Evans, Mechwart, Hambleton & Tilton, Inc. v. Triad Architects, Ltd.

196 Ohio App. 3d 784, 2011-Ohio-4979, 965 N.E.2d 1007, 2011 Ohio App. LEXIS 4075, 2011 WL 4488846

 

RULE:

If a payment clause in a sub-contract does not specifically show intent to make the subcontractor bear the burden of lost profits, the court will construe this as a paid-when-paid provision. 

FACTS:

Triad entered into an agreement with Centurion Development Group, LL ("Centurion") to provide architectural and engineering plans for a residential development that Centurion wanted to build. Triad asked EMH&T to supply civil engineering services on the project, so they entered into a control whereby Trial agreed to pay Evans, Mechwart, Hambleton & Tilton, Inc ("EMH&T") $128,550 for environmental and engineering work on one project, and $60,200 on another. The contracts, relying on the American Institute of Architects Standard Form of Agreement Between Architect and Consultant provided in Section 12.5, the payments to the consultant shall be made promptly after the Architect is paid by the Owner under the Prime Agreement and in section 13.4.3, that the Consultant shall be paid for their services within 10 working days after receipt by the Architect from the Owner of payment for the services performed by the Consultant. 

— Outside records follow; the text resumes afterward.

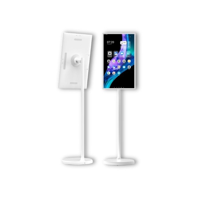Mit diesem Display präsentierst Du Deine Inhalte überall dort, wo sie wirken sollen – modern, mobil und ganz ohne Kabelsalat. Das elegante weiße Design fügt sich in jede Umgebung ein, während Display, Standfuß, Halterung und Akku-Bodenplatte ein sofort einsatzbereites Komplettsystem bilden. Einfach aufstellen, einschalten, begeistern.
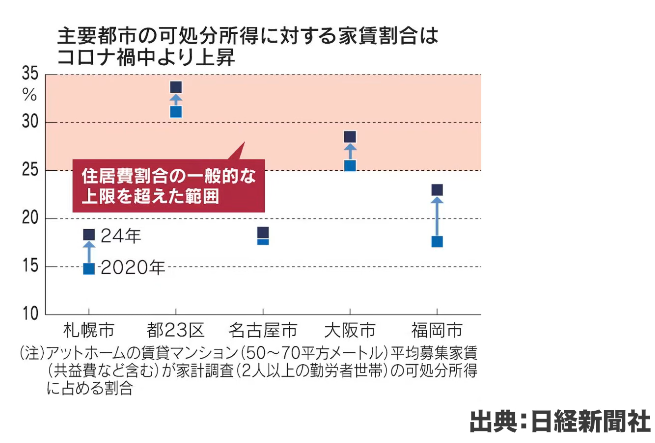 アットホームの賃貸データによると、2020年から2024年にかけて、家賃が可処分所得に占める割合は上昇傾向にあります。東京23区では31%台から33〜34%程度にまで上がっており、大阪でも25%から28%程度へと増加しています。
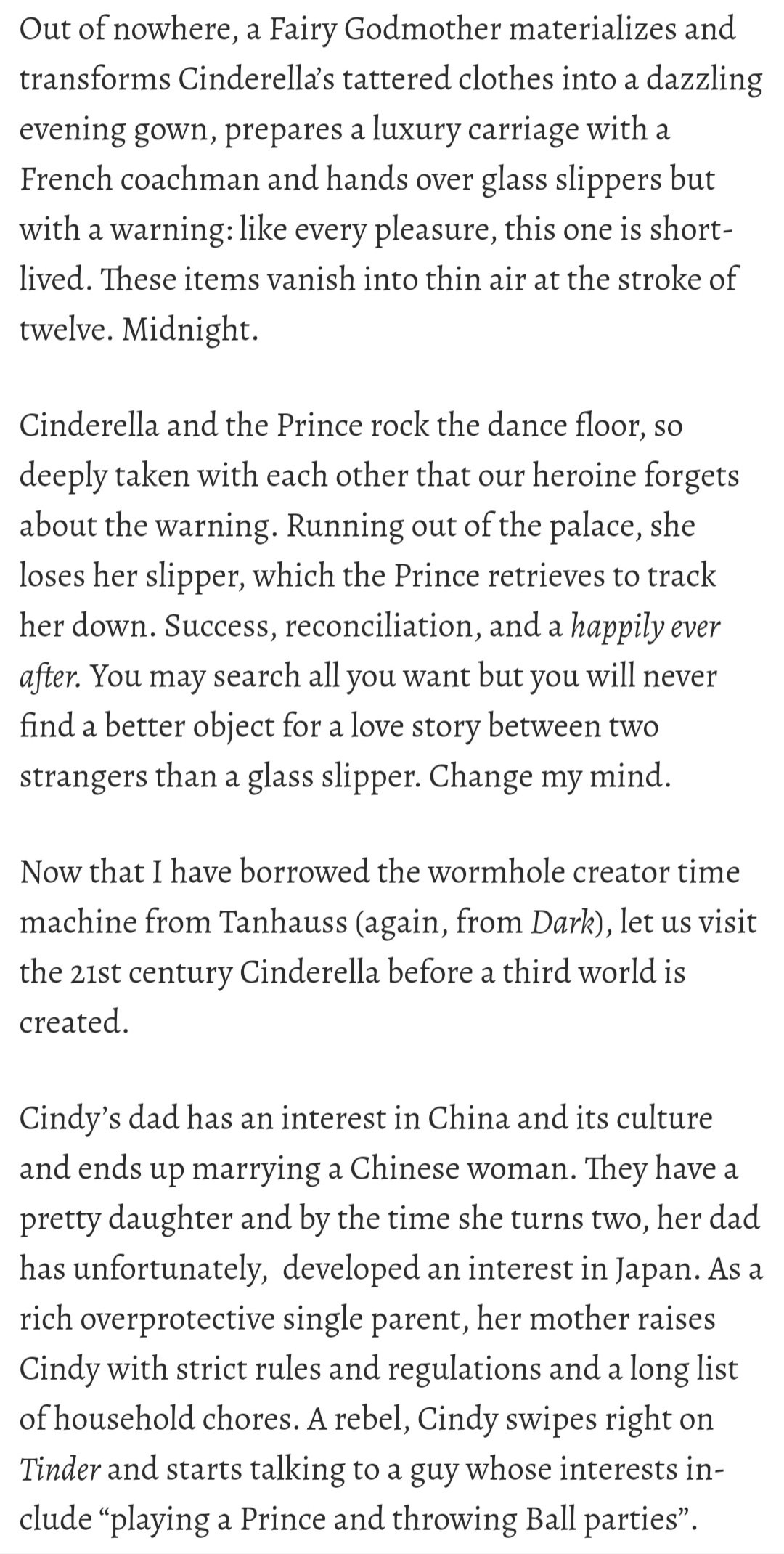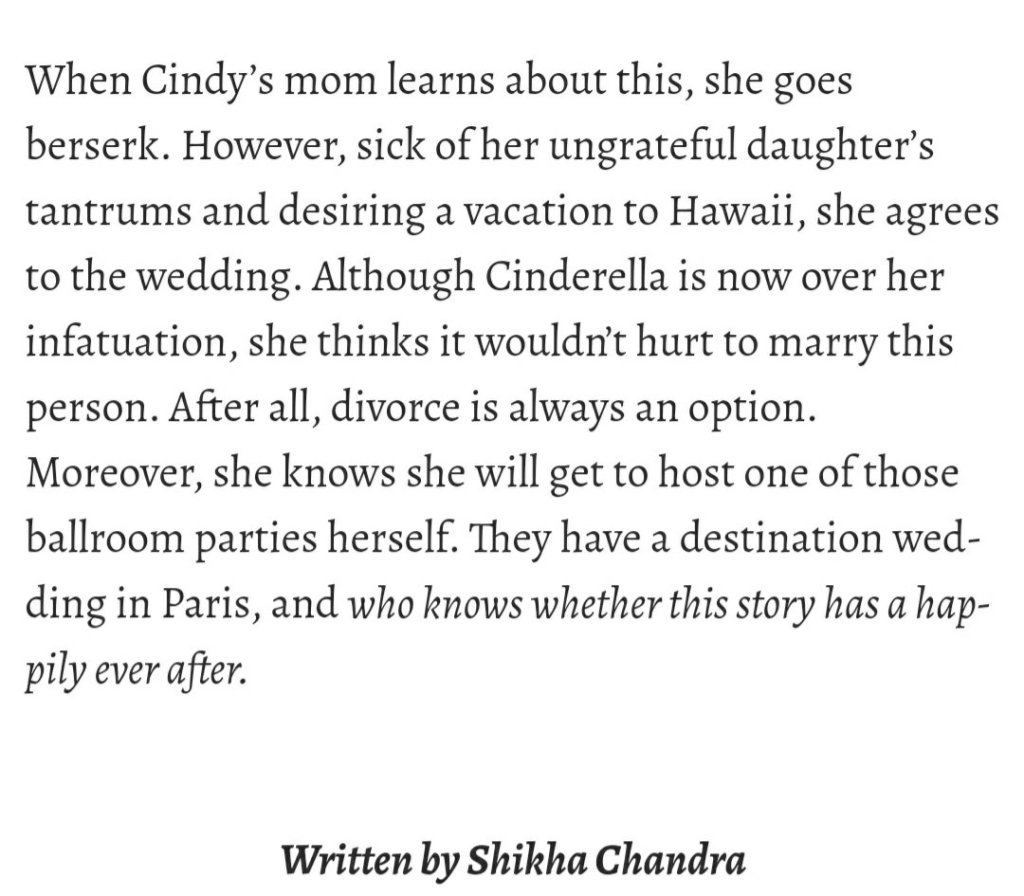 Happily Never After The Glass Slipper Posted by Shikha on 5th Oct 20205th Oct 2020 These SSs are from my column published in Jabberwock magazine. Share this: Share on X (Opens in new window) X Share on Facebook (Opens in new window) Facebook Like Loading... Related
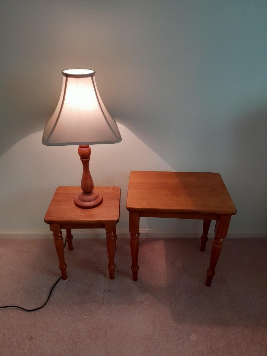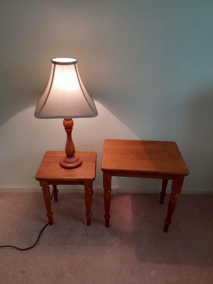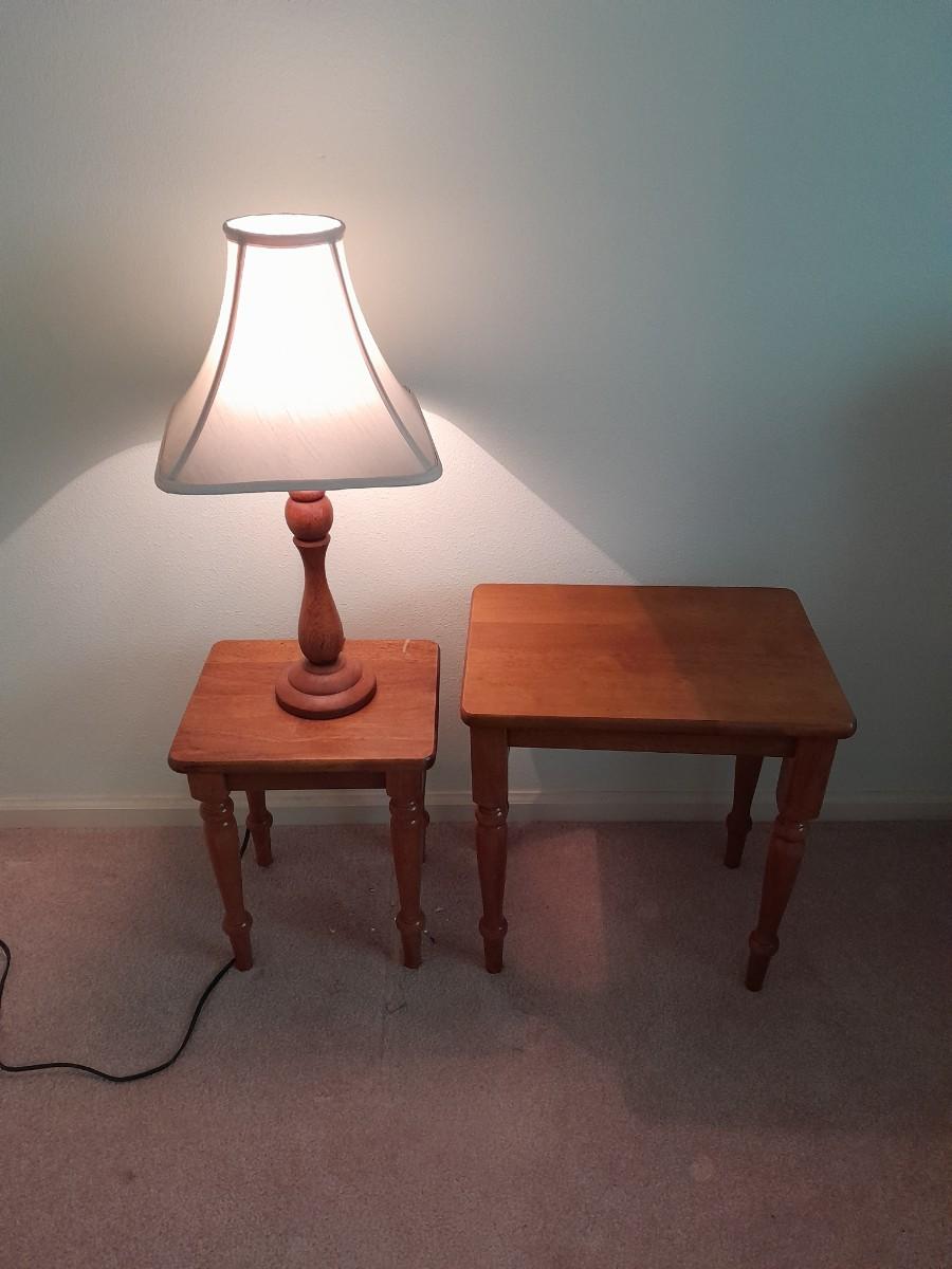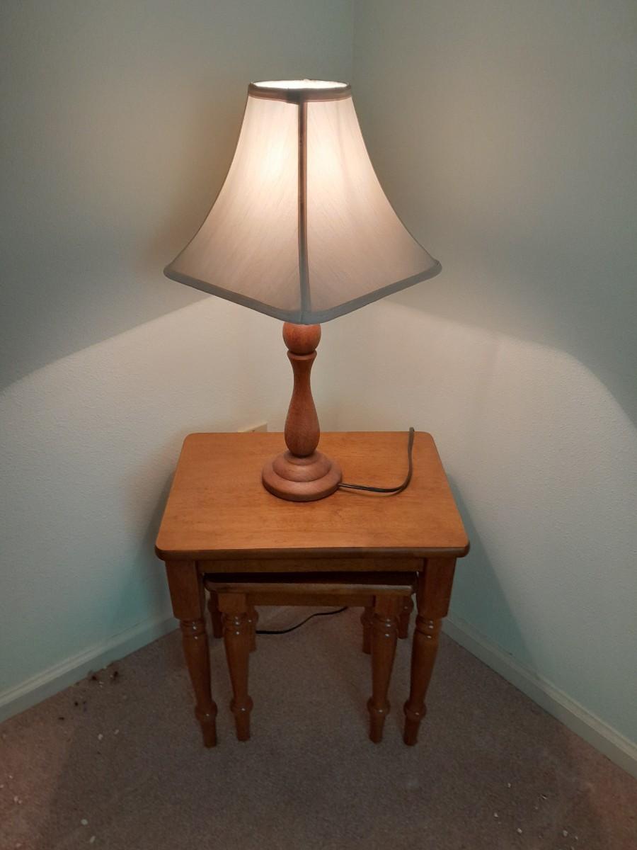 TWO SMALL NESTING TABLES AND A WOODEN LAMP WITH SHADE
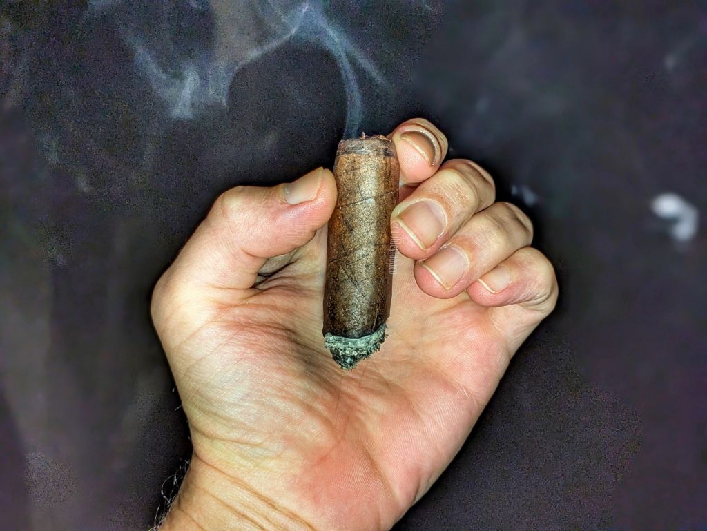 Tal fue mi emoción a la hora de finalmente probar este cigarro, que se me olvidó hacerle una foto apagado. Así que procedo con la descripción sin imagen: esta capa no es perfecta y ata un poco con ese estilo ligeramente rústico de la marca, con anillas muy sencillas que no dicen el nombre del cigarro por ningún lado. Pero la capa no es irregular, sino que es rústica y poco lisa, con varias venas, con aromas dulces y de cuero y establo. La calada en frío me da una sensación que va a ser un cigarro apretado, pero logro apreciar notas de chocolate, galletas danesas y un toque de pimienta.
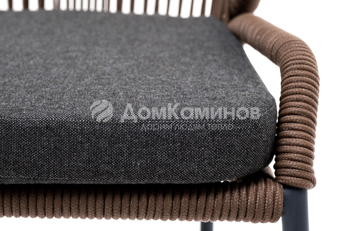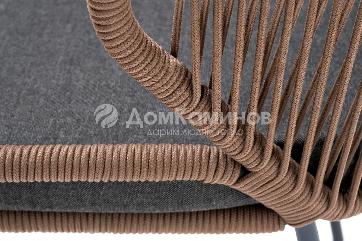 Стул 4SIS Милан из роупа, каркас алюминий серый муар, роуп коричневый, ткань темно-серая 027
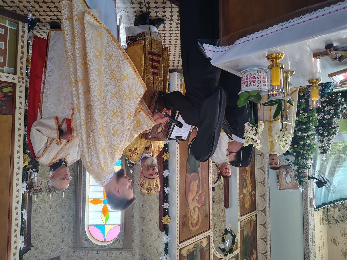 Após os “tropários”, foi realizado o rito da oficialização da instalação das Irmãs de São José na Paróquia de Dorizon. Primeiramente, o Chanceler Pe. Samoel fez a leitura do Decreto do Arcebispo Metropolita, que, tendo considerado completo o cumprimento das condições necessárias para a permanência e missão pastoral das religiosas, emitiu o documento; e ainda augurou para que as mesmas normas sejam sempre respeitadas: “A missão, o trabalho pastoral das religiosas, sua manutenção e sua permanência na localidade sejam pautadas fielmente pelas normas canônicas previstas no CCEO, nas Constituições da Congregação e também pelas leis civis vigentes no país e pelo acordo Brasil-Santa Sé” (№ 2025-412, 21 de dezembro de 2025).
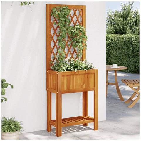 Fioriera Con Traliccio E Ripiano 55x29,5x152 Cm In Legno Acacia
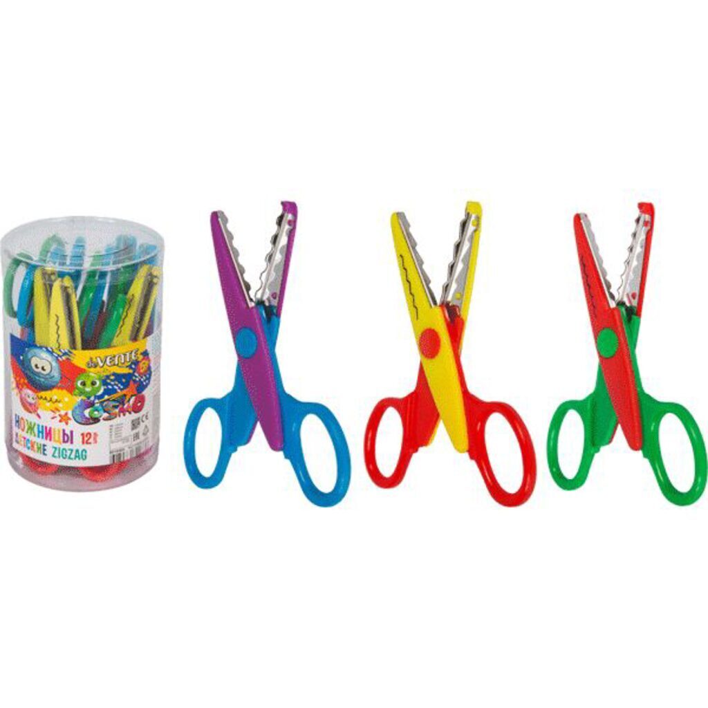 Ножницы детские "deVENTE. Cosmo. Zig Zag" 13 см, для детского творчества выполнены из качественной нержавеющей стали. Частично покрыты пластиком для большей безопасности. Безопасные закругленные кончики ножниц. Художественная форма лезвий для фигурного вырезания.
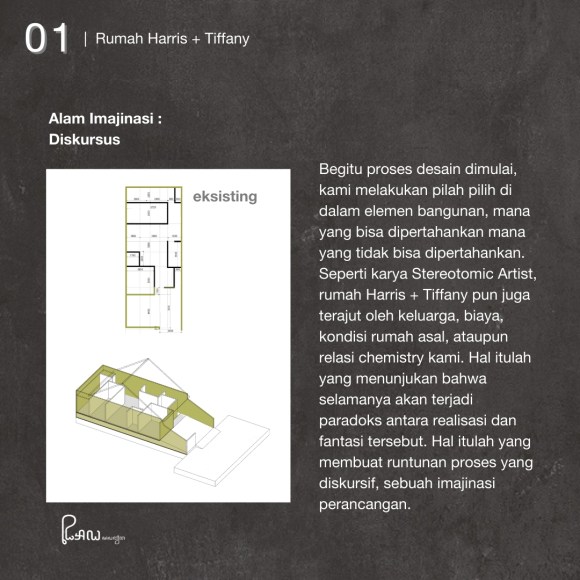 For me, working in the studio gives me the reality of architecture. It’s about process, long way to go until something can be called as finished. I learned a lot about the stages of creating something, start from basic research, site analysis, also massing form with efficiency and suitable program. All the stages have to be cleared and well prepared before we can create a good architecture. Giving alternatives also important, to show our process of learning, also to prove that we are not selfish in designing something based on our own opinion. Take a look at many references before you design to achieve the goal that clients wanted. It’s only a month and a half of learning process, but it had opened my mind somehow about being an architect. RAW studio is full of good-hearted people with creative thoughts and they like to share what they’ve got to complete each other. I like being surrounded with those great architects with creative minds, especially with the leadership of Mr. Realrich, RAW’s principal who gave me so much knowledge about architecture. All of this working process is like an important experience for an architecture student that cannot be given from another place.
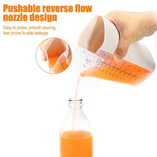 Kontrollierter Ausgießer: Durch Zusammendrücken der weichen Silikonvorderseite entsteht auf natürliche Weise ein fokussierter Ausguss, der ein sauberes Ausgießen von Flüssigkeiten, geschmolzener Butter, Ölen, Teig, Schokolade, Saucen und sogar Harz oder Seife ohne Tropfen oder Verschüttungen ermöglicht.

EMH&T substantially completed all services required under both contracts and then billed Triad a total of $150,482.29. Triad refused to pay, saying that those sections of the contract only required it to pay EMH&T when, and to the extent that, Centurion paid it. Since Centurion cancelled both projects and refused to pay Triad, Triad disclaimed any obligation to pay EMH&T. 

EMH&T then filed suit against Triad, asserting claims for an account stated, professional services rendered, breach of contract, and unjust enrichment. 

ISSUE:

Should a payment clause can be construed as a pay-if-paid provision where there is no evidence of the parties' intent to do so? 

ANSWER:

No.

CONCLUSION:

Because the law disfavors conditions precedent, "whenever possible courts will avoid construing provisions to be such unless the intent of the agreement is plainly to the contrary." Here, the parties do not make their intent to make it a pay-if-paid provision. Because of this, Triad owed EMH&T a duty to pay it within a reasonable time after the completion of the work. A pay-when-paid provision is not a condition precedent, but acts as a schedule for which the subcontractor needs to be paid. Section 12. 5 is a pay-when-paid provision, providing for a 10-day timetable for payment and does not create a condition precedent. Section 13.4.3 is more similar to a pay-if-paid provision, but still does not give the kind of evidence necessary to show that the parties intended to create a condition precedent.